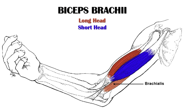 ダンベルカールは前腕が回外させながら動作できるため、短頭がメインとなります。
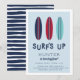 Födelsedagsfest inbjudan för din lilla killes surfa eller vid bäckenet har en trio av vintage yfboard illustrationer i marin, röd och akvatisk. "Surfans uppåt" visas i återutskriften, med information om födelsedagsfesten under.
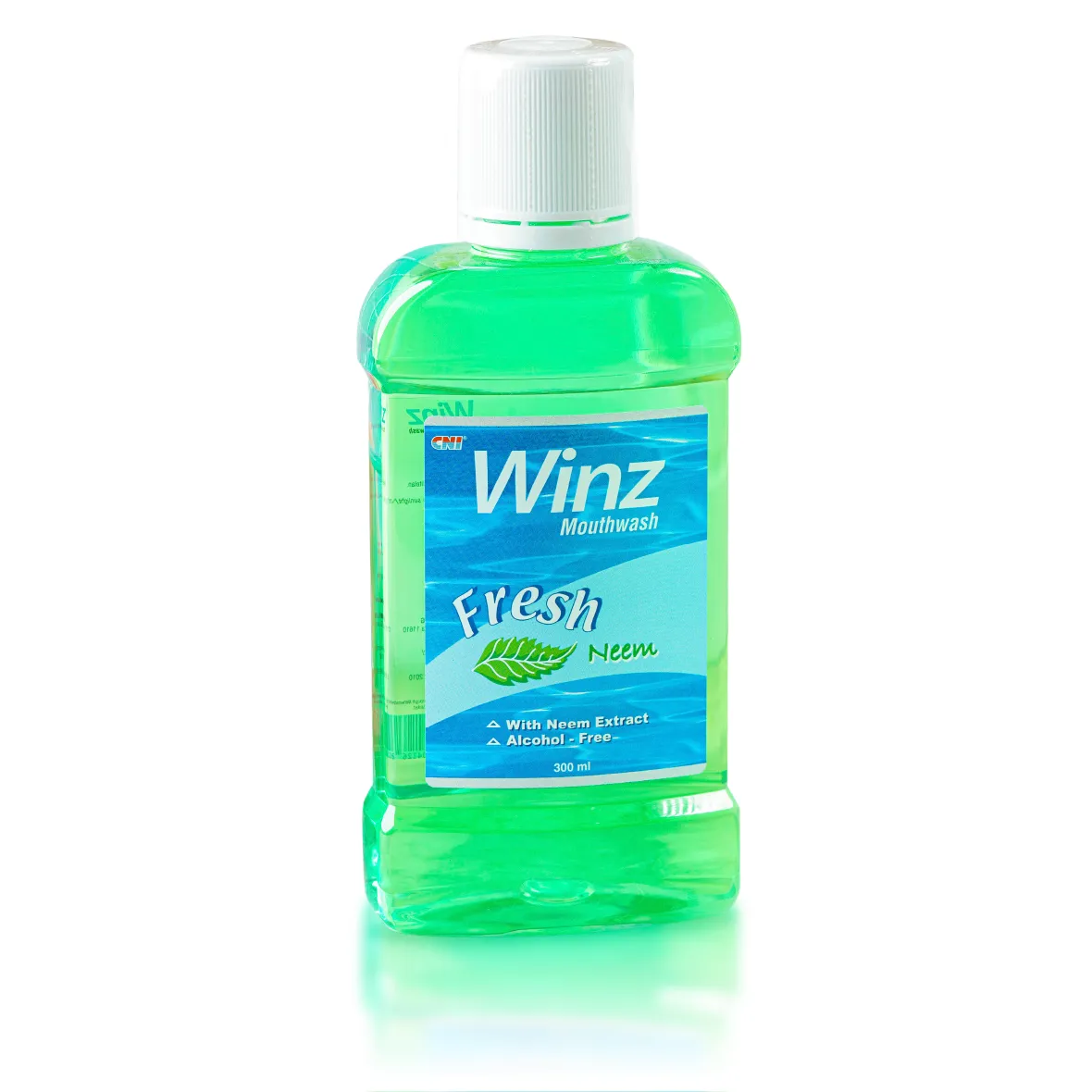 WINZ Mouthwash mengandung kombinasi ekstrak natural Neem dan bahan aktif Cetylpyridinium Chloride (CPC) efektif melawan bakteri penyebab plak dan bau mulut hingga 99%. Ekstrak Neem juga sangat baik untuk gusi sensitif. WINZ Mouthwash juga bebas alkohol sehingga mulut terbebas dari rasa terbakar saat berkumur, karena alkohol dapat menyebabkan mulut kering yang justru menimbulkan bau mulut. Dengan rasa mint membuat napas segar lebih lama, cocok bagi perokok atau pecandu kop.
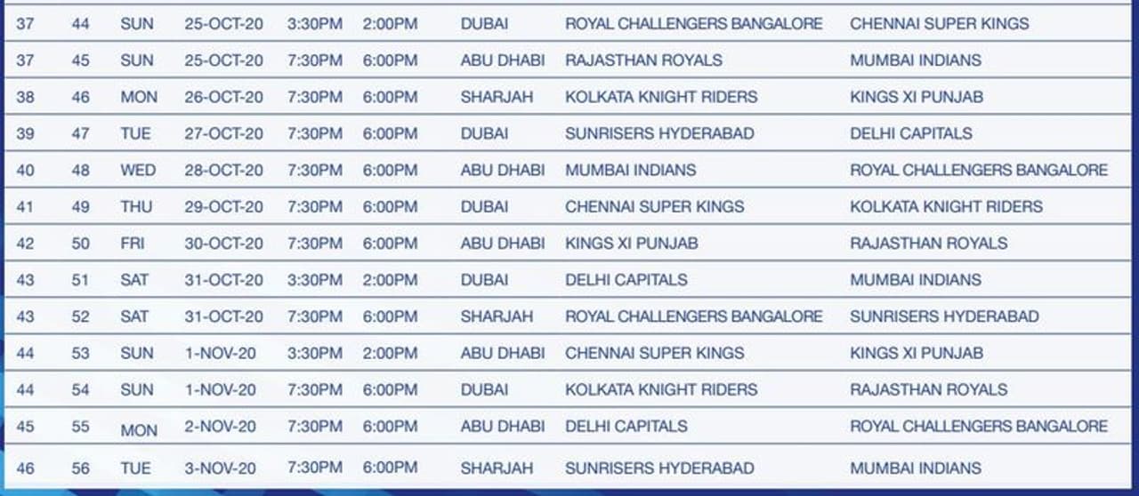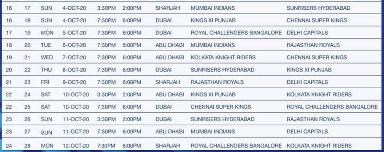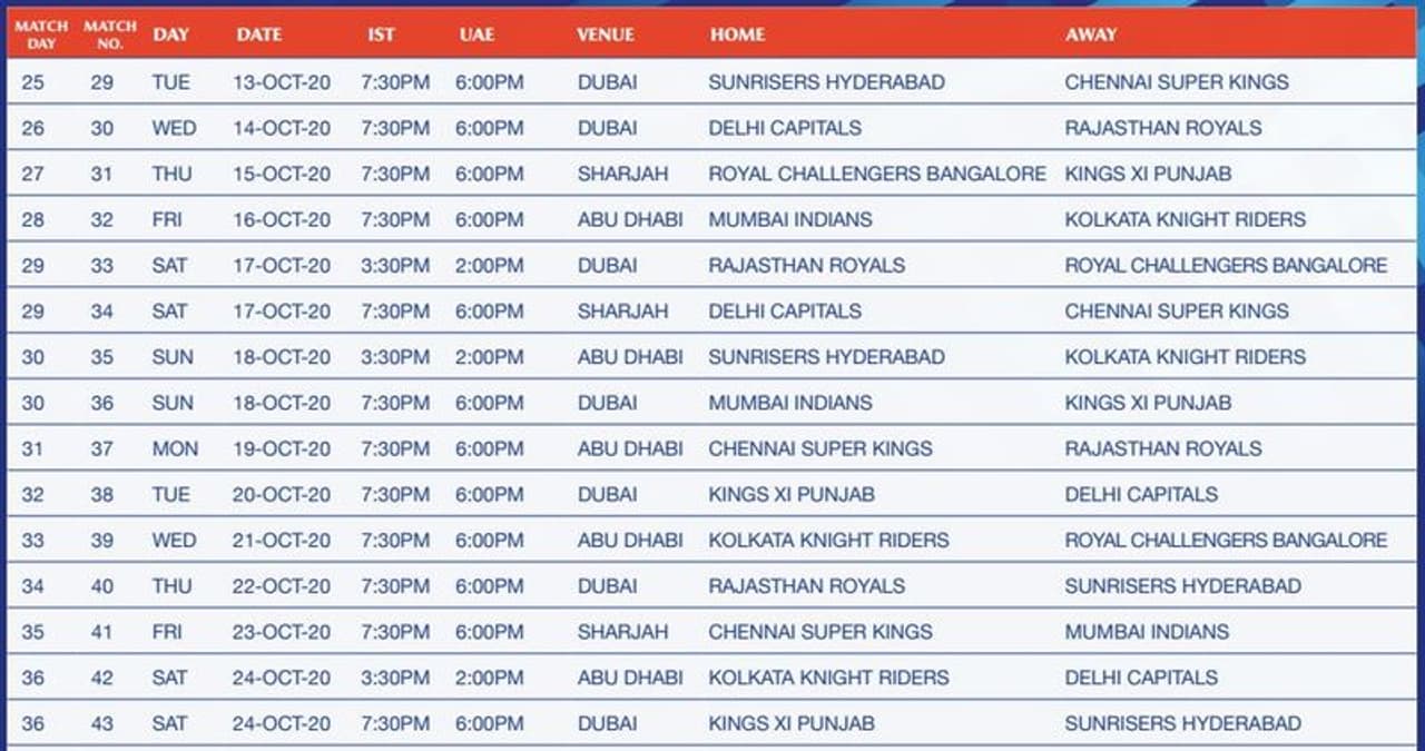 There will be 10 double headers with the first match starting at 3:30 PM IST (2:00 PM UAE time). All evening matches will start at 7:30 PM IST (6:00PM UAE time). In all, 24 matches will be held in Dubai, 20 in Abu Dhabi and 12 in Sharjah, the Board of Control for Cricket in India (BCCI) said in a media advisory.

* * * * *

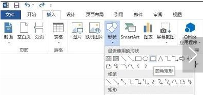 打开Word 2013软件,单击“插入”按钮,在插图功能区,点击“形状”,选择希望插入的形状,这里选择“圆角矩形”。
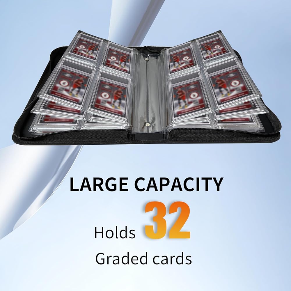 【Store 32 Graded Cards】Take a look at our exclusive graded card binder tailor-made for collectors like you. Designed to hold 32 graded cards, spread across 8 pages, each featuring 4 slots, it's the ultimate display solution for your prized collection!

* * * * *

### INSTRUCTIONS FOR THE TASK
Line for line, output the entries above from the line with "ダンベルカールは前腕が回外させながら動作できるため、短頭がメインとなります。" to the line with "Födelsedagsfest inbjudan för", both included, and nothing more. Skip pictures.

### THE ANSWER
 ダンベルカールは前腕が回外させながら動作できるため、短頭がメインとなります。
 Födelsedagsfest inbjudan för din lilla killes surfa eller vid bäckenet har en trio av vintage yfboard illustrationer i marin, röd och akvatisk. "Surfans uppåt" visas i återutskriften, med information om födelsedagsfesten under.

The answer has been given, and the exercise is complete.